• **Information shown**:
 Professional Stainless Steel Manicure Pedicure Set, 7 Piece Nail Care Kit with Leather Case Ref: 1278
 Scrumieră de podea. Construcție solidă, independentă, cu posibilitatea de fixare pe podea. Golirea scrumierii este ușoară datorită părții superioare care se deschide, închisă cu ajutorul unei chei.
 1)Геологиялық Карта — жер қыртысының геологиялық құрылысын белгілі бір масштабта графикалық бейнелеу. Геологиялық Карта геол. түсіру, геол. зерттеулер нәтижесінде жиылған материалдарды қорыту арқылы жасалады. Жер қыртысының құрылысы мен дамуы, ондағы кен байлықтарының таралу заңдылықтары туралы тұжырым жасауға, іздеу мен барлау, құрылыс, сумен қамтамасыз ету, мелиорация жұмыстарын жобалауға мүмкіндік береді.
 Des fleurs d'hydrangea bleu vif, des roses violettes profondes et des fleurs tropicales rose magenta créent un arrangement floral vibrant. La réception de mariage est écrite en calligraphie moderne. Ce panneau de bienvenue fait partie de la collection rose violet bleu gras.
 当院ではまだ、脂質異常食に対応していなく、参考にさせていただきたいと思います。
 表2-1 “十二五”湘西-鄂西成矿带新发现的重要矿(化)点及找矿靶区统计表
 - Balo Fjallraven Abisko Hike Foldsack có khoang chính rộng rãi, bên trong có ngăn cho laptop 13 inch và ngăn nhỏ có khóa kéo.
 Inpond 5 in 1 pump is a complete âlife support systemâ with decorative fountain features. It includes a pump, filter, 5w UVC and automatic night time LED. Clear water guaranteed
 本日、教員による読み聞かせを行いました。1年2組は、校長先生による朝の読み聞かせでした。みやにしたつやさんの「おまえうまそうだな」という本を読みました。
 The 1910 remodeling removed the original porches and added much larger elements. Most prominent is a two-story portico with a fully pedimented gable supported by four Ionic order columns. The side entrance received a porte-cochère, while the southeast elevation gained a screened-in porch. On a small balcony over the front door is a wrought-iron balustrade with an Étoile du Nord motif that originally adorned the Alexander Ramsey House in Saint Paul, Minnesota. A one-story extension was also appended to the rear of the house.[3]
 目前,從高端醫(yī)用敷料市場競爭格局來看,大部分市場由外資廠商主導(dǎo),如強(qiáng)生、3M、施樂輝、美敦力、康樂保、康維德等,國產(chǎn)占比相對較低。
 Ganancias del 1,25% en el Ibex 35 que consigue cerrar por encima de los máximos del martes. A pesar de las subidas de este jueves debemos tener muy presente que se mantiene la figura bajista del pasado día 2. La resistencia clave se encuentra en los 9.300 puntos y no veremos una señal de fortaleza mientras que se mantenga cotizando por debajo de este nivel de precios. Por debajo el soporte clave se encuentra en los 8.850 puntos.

---

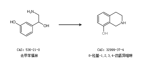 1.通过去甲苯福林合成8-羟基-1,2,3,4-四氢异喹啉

--

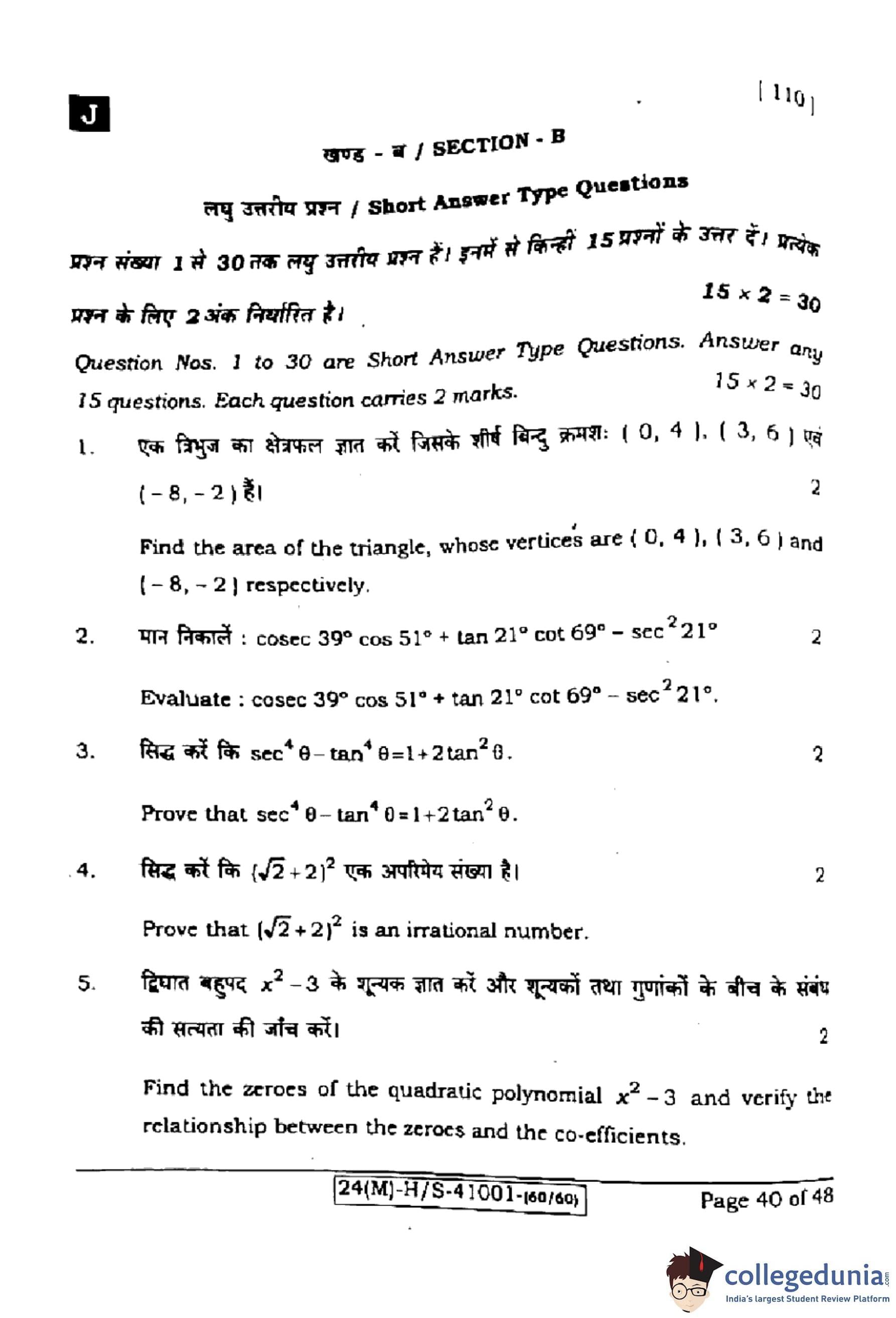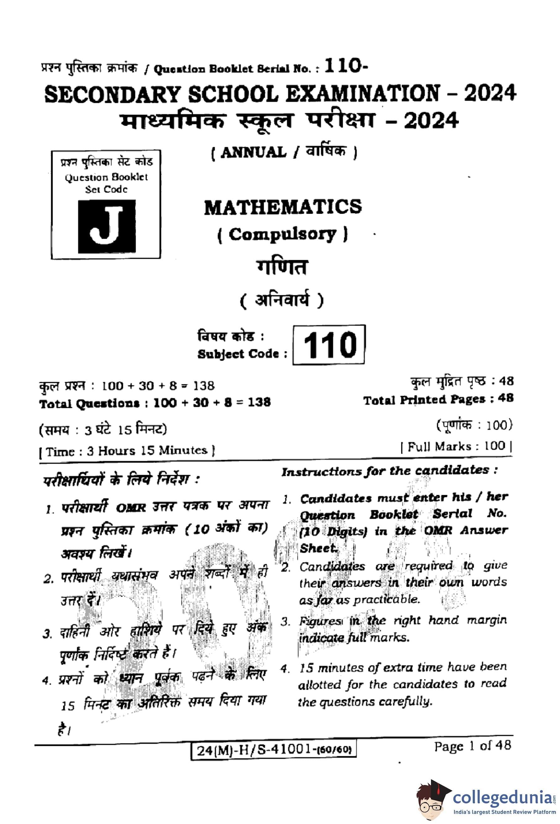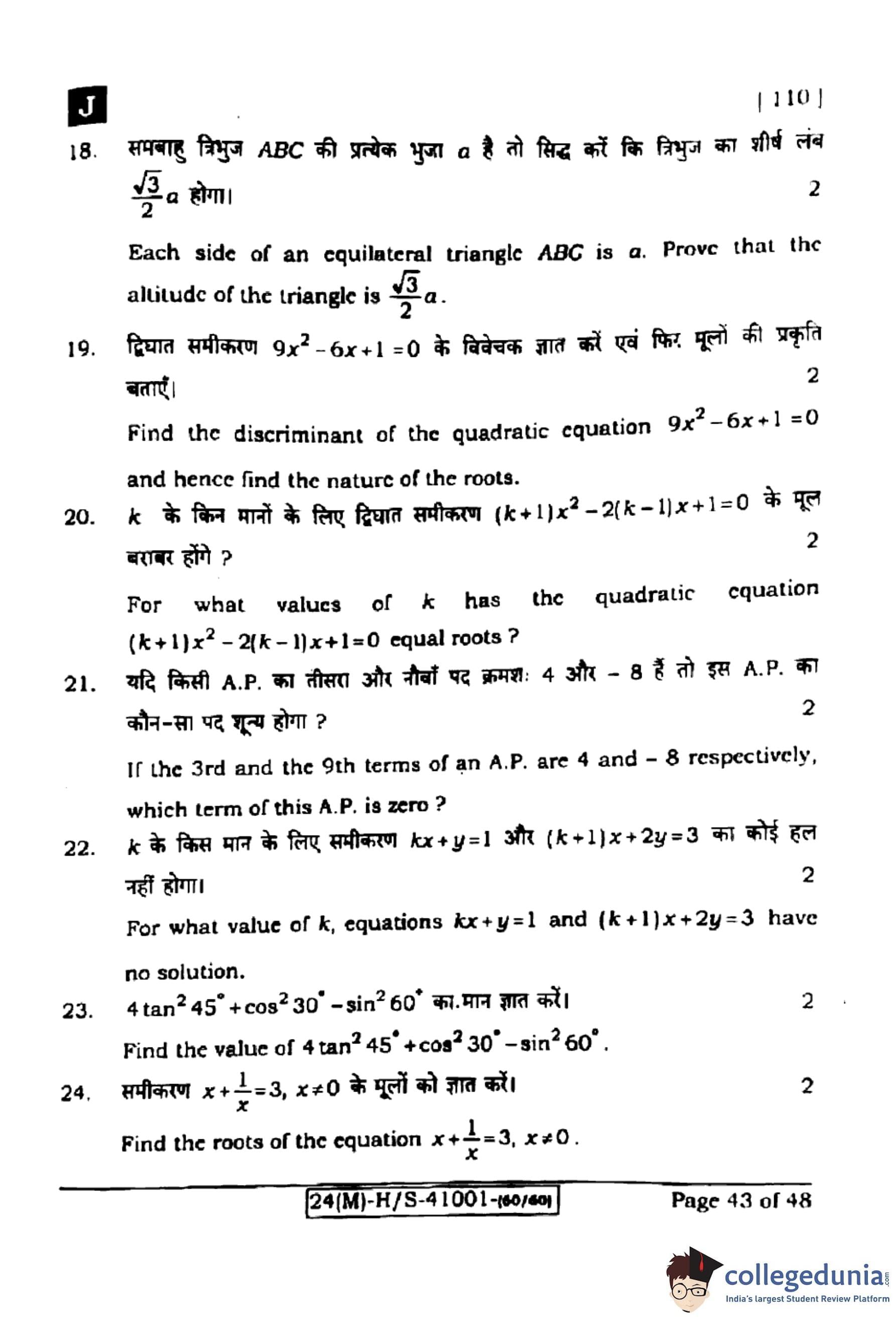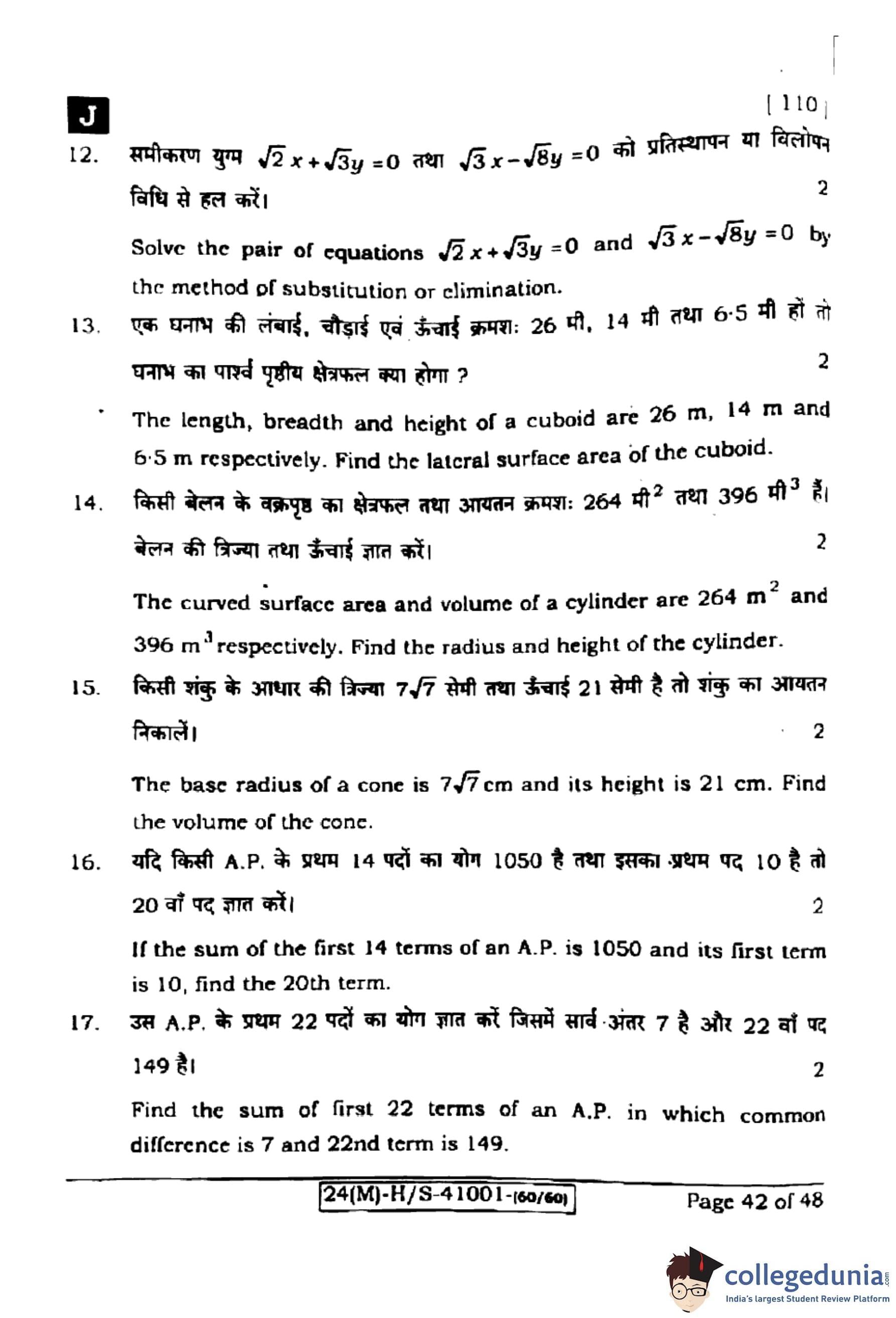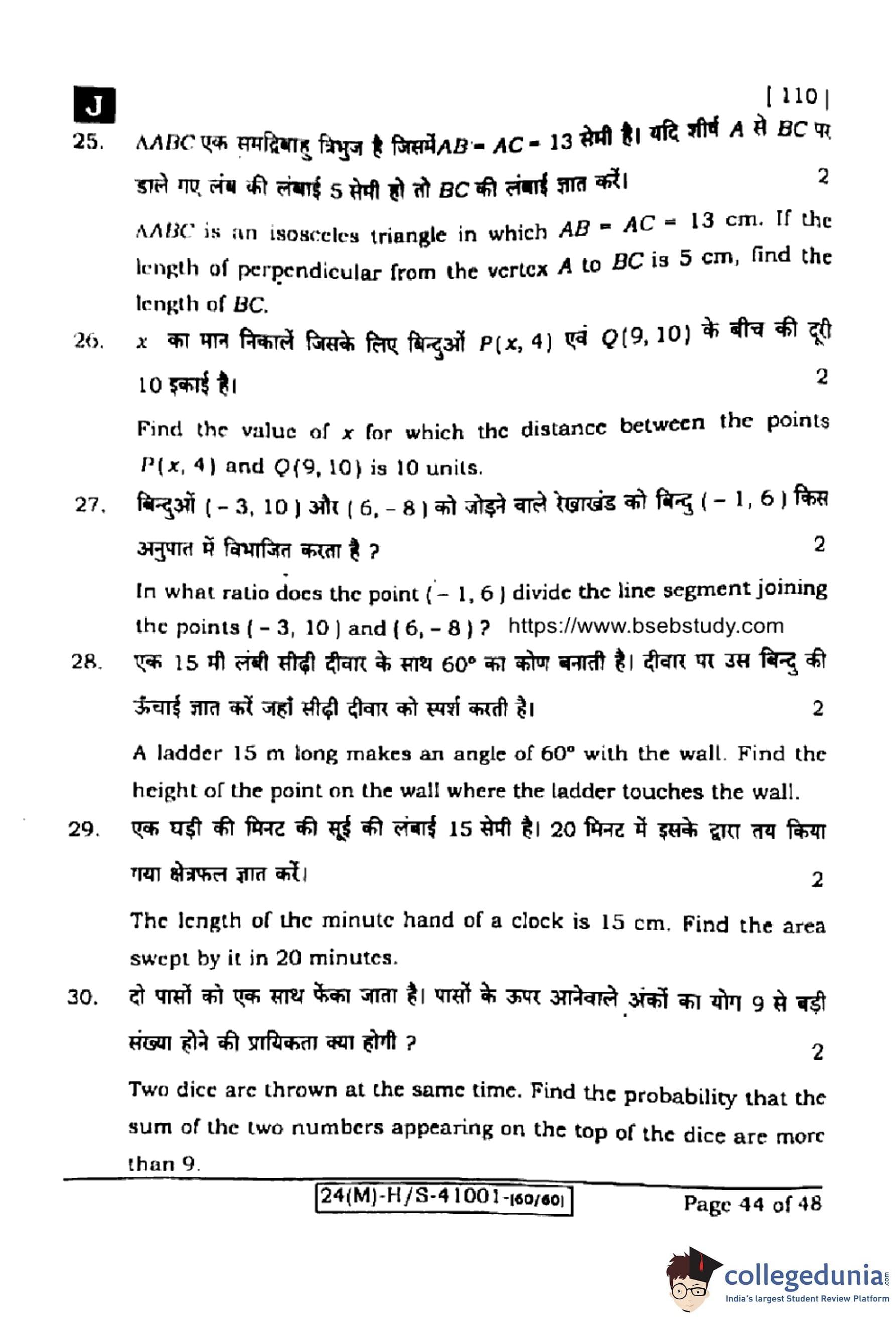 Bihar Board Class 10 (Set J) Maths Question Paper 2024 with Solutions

• **Exercise directions**: Working from the data above, extract solely the lines from the one containing "Inpond 5 in" through the one containing "Ganancias del 1,25%", exactly as they appear, both included.

• **Task answer**:
 Inpond 5 in 1 pump is a complete âlife support systemâ with decorative fountain features. It includes a pump, filter, 5w UVC and automatic night time LED. Clear water guaranteed
 本日、教員による読み聞かせを行いました。1年2組は、校長先生による朝の読み聞かせでした。みやにしたつやさんの「おまえうまそうだな」という本を読みました。
 The 1910 remodeling removed the original porches and added much larger elements. Most prominent is a two-story portico with a fully pedimented gable supported by four Ionic order columns. The side entrance received a porte-cochère, while the southeast elevation gained a screened-in porch. On a small balcony over the front door is a wrought-iron balustrade with an Étoile du Nord motif that originally adorned the Alexander Ramsey House in Saint Paul, Minnesota. A one-story extension was also appended to the rear of the house.[3]
 目前,從高端醫(yī)用敷料市場競爭格局來看,大部分市場由外資廠商主導(dǎo),如強(qiáng)生、3M、施樂輝、美敦力、康樂保、康維德等,國產(chǎn)占比相對較低。
 Ganancias del 1,25% en el Ibex 35 que consigue cerrar por encima de los máximos del martes. A pesar de las subidas de este jueves debemos tener muy presente que se mantiene la figura bajista del pasado día 2. La resistencia clave se encuentra en los 9.300 puntos y no veremos una señal de fortaleza mientras que se mantenga cotizando por debajo de este nivel de precios. Por debajo el soporte clave se encuentra en los 8.850 puntos.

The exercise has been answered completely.